**Problem details:** Here is the task for the listing below: output exactly the lines from the one containing "the romantic courtyard." through the one containing "首先,在選址上,幸運(yùn", and leave out the pictures.

**Given data:**
BEGIN

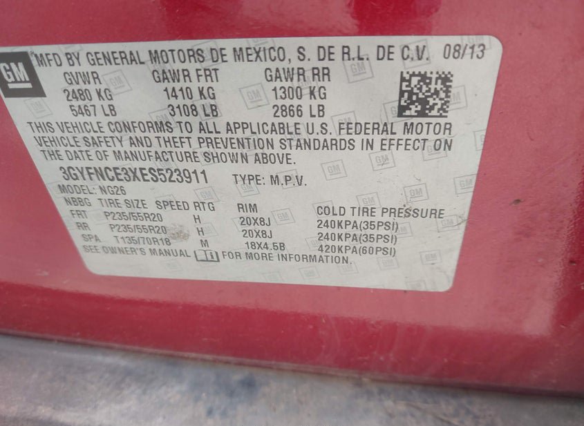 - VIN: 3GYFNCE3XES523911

END
BEGIN

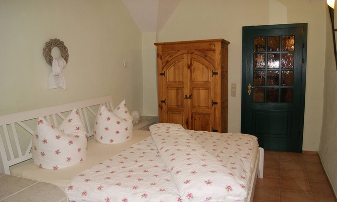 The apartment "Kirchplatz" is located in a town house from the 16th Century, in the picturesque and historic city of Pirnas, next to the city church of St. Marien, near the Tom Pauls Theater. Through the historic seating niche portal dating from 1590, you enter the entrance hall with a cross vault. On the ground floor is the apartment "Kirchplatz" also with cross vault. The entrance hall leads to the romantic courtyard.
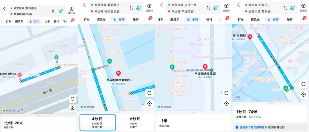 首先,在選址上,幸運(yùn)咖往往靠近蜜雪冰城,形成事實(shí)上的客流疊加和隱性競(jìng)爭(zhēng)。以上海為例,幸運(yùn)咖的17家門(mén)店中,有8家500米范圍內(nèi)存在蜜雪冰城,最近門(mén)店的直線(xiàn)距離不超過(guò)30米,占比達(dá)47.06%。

END

**Your response:**
 The apartment "Kirchplatz" is located in a town house from the 16th Century, in the picturesque and historic city of Pirnas, next to the city church of St. Marien, near the Tom Pauls Theater. Through the historic seating niche portal dating from 1590, you enter the entrance hall with a cross vault. On the ground floor is the apartment "Kirchplatz" also with cross vault. The entrance hall leads to the romantic courtyard.
 首先,在選址上,幸運(yùn)咖往往靠近蜜雪冰城,形成事實(shí)上的客流疊加和隱性競(jìng)爭(zhēng)。以上海為例,幸運(yùn)咖的17家門(mén)店中,有8家500米范圍內(nèi)存在蜜雪冰城,最近門(mén)店的直線(xiàn)距離不超過(guò)30米,占比達(dá)47.06%。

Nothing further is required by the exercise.